Table of Contents

Class TextExtraction

Namespace
LMKit.Extraction
Assembly
LM-Kit.NET.dll

Provides functionality to extract structured data from unstructured content using a language model.

public sealed class TextExtraction
Inheritance
TextExtraction
Inherited Members

Remarks

The TextExtraction class enables you to define a set of elements to extract from various content sources, including plain text, images, PDF documents, HTML files, and Microsoft Office formats (DOCX, XLSX, PPTX). It leverages a language model to parse the content and extract the specified elements into structured data.

For a complete list of supported file formats, see the Attachment class documentation.

Constructors

TextExtraction(LM)

Initializes a new instance of the TextExtraction class with the specified language model.

Fields

Description

Gets or sets the description for the current extraction schema. This value is automatically populated from the schema's "description" field when calling SetElementsFromJsonSchema(string).

Title

Gets or sets the title for the current extraction schema.
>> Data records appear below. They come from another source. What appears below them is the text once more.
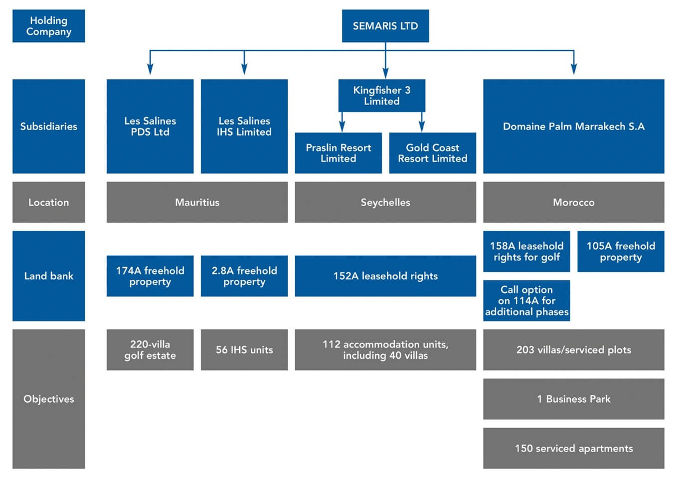 Semaris owns and develops the non-hotel real estate assets formerly owned by New Mauritius Hotels Limited, with the principal objective of unlocking value from the available land bank located in Seychelles, Morocco and Mauritius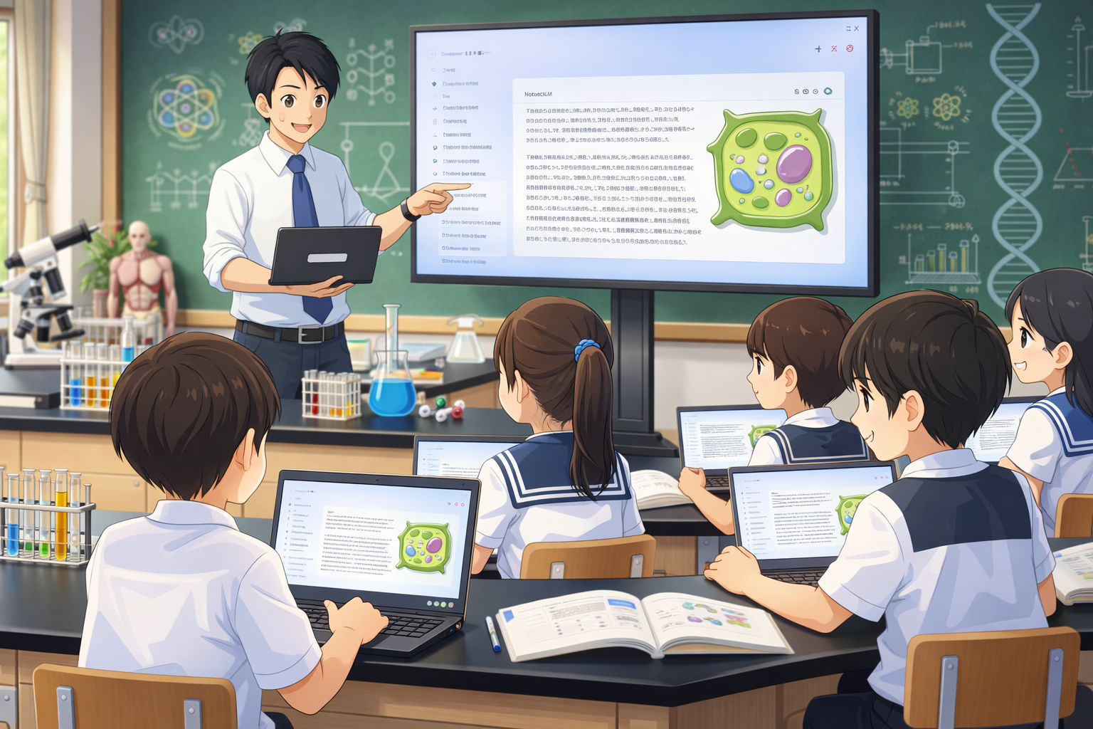 授業では、時々、NotebookLMで作成した動画 1 を電子黒板で流しながら、私がその動画の内容を板書するということもしました。これは、面白い活用だったと思います。NotebookLMがこんな感じに活用できるであれば、教材研究も効率化が図れるだろうし、うまく共有化が図れれば、業務の改善にもつながりそうです。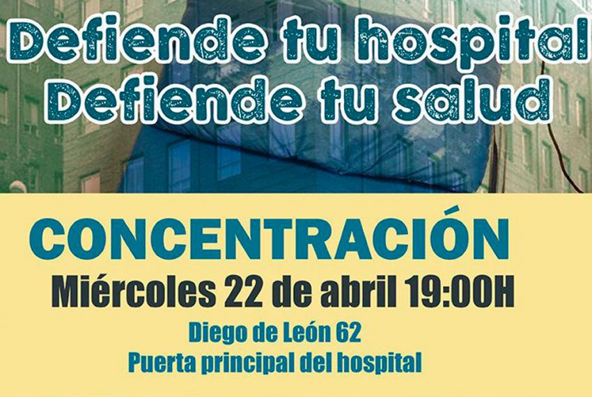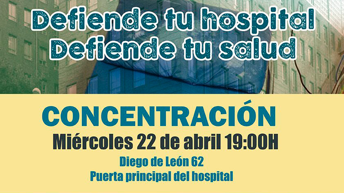 - Miércoles, 22 de abril a las19:00 h Conde de Peñalver esquina Maldonado Lema: Defiende tu hospital, defiende tu salud.

This value is automatically populated from the schema's "title" field when calling SetElementsFromJsonSchema(string).

Properties

Elements

Gets or sets the list of TextExtractionElement instances that define which elements to extract from the content.

Guidance

Gets or sets semantic guidance for the extraction process.

JsonSchema

Gets the JSON schema representation of the extraction elements.

MaximumContextLength

Gets or sets the maximum context length (in tokens) allowed for the language model during text extraction.

Model

Gets the language model instance used to drive the extraction process.

NullOnDoubt

Gets or sets a value indicating whether the language model should return null for uncertain content rather than risk an aggressive extraction that could lead to false positives.

OcrEngine

Gets or sets an optional OcrEngine used to perform traditional OCR on raster content.
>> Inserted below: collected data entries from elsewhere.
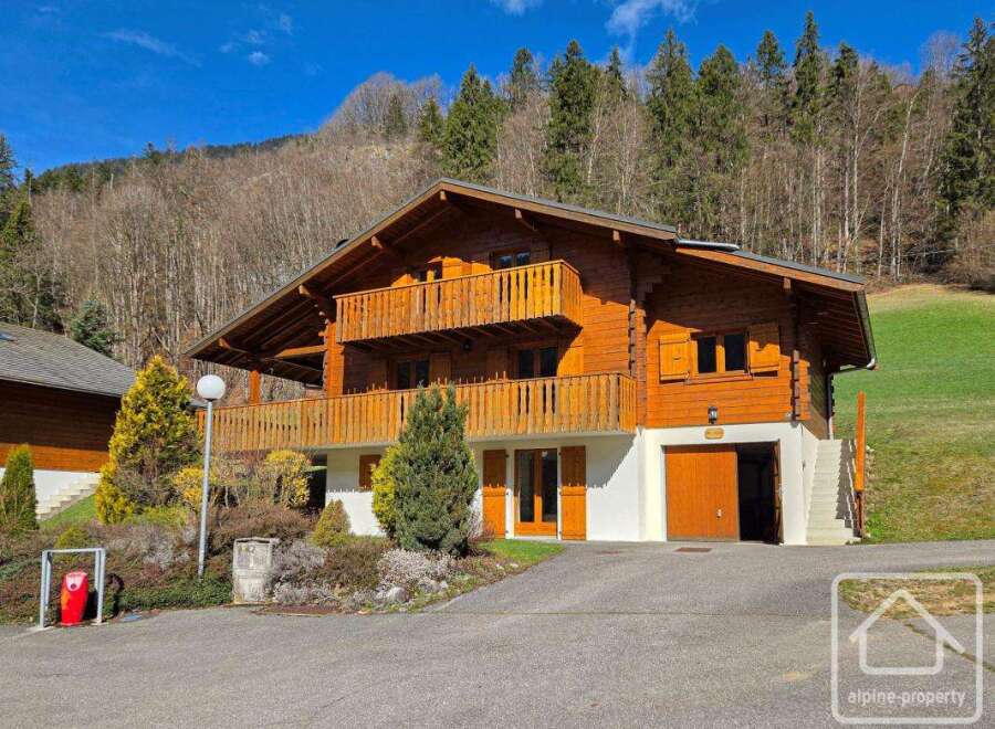 Chalet Pelerin is a modern and spacious six bedroom chalet in a sunny location just outside of Abondance. Built in 2005, the property is in excellent order throughout and comprises; On the lower ground floor: Garage, hallway/laundry room, two bedrooms, shower room, boiler room. On the ground floor: Open plan living, dining and kitchen area with wood burning stove, access to the sunny covered terrace, entrance hall with cupboards and visitor toilet, double bedroom with ensuite bathroom. On the...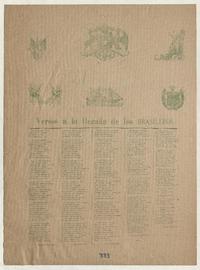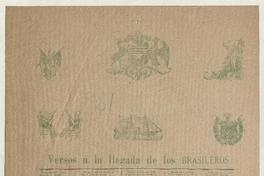 Versos á la llegada de los brasileros / Lázaro Salgado. [Chile] : [Impresor no identificado], [1903?] 1 hoja : ilustraciones ; 51 x 38 cm. .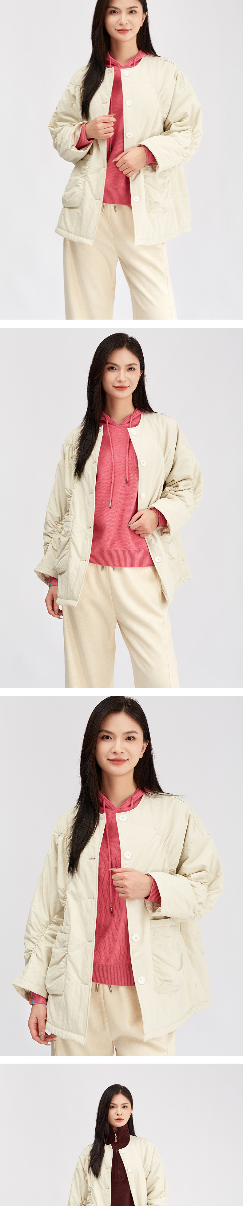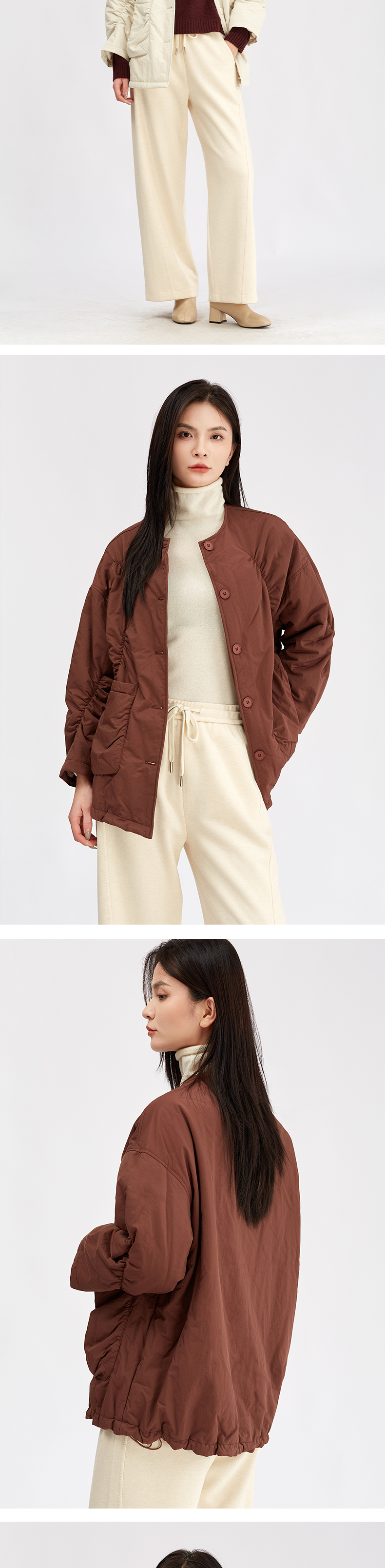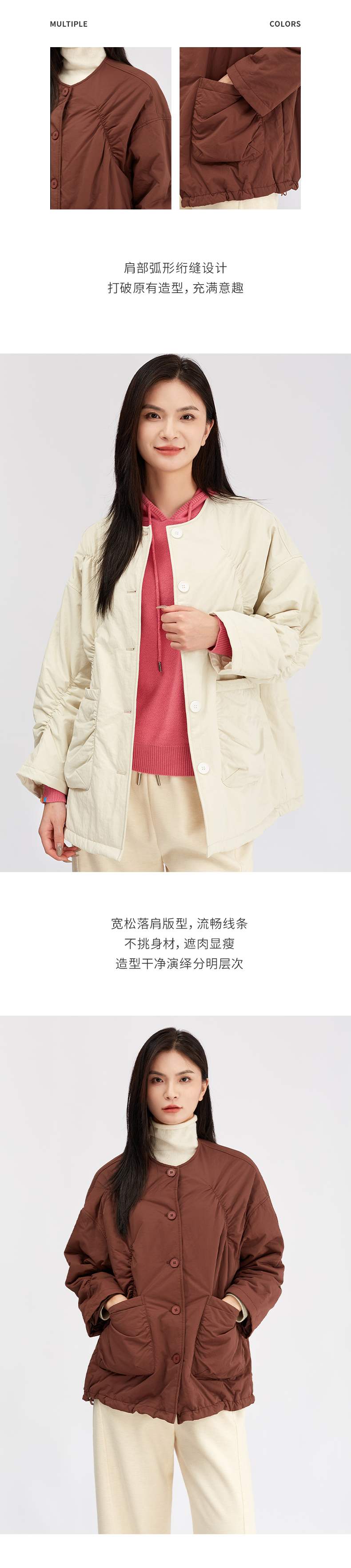 【弧形绗缝】阿菁娜冬季新款显瘦慵懒棉服弧形绗缝设计落肩宽松版型F30D215008

PreferredInferenceModality

Gets or sets the preferred modality for inference. This determines whether text, image, or both modalities are used when processing input. Defaults to Multimodal.

Methods

ClearContent()

Removes all previously set input (both text and attachments) so that no content remains for extraction.

Parse(CancellationToken)

Parses the content synchronously to extract the defined elements.
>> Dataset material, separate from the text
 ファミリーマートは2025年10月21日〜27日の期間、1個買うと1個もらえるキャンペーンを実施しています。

ParseAsync(CancellationToken)

Parses the content asynchronously to extract the defined elements.

SchemaDiscovery(CancellationToken)

Discovers an optimal JSON Schema for the current input content.

SchemaDiscoveryAsync(CancellationToken)

Asynchronously discovers an optimal JSON Schema for the current input content.

SetContent(Attachment)

Adds all pages of an attachment to be processed for data extraction.

SetContent(Attachment, int)

Adds a specific page of an attachment to be processed for data extraction.

SetContent(Attachment, string)

Adds specified pages of an attachment to be processed for data extraction.

SetContent(ImageBuffer)

Sets the content for extraction from the specified image buffer.

SetContent(IEnumerable<Attachment>)

Adds multiple attachments to be processed for data extraction.

SetContent(string)

Sets the text content from which elements will be extracted.

SetElementsFromJsonSchema(string)

Configures the text extraction elements by parsing a JSON schema.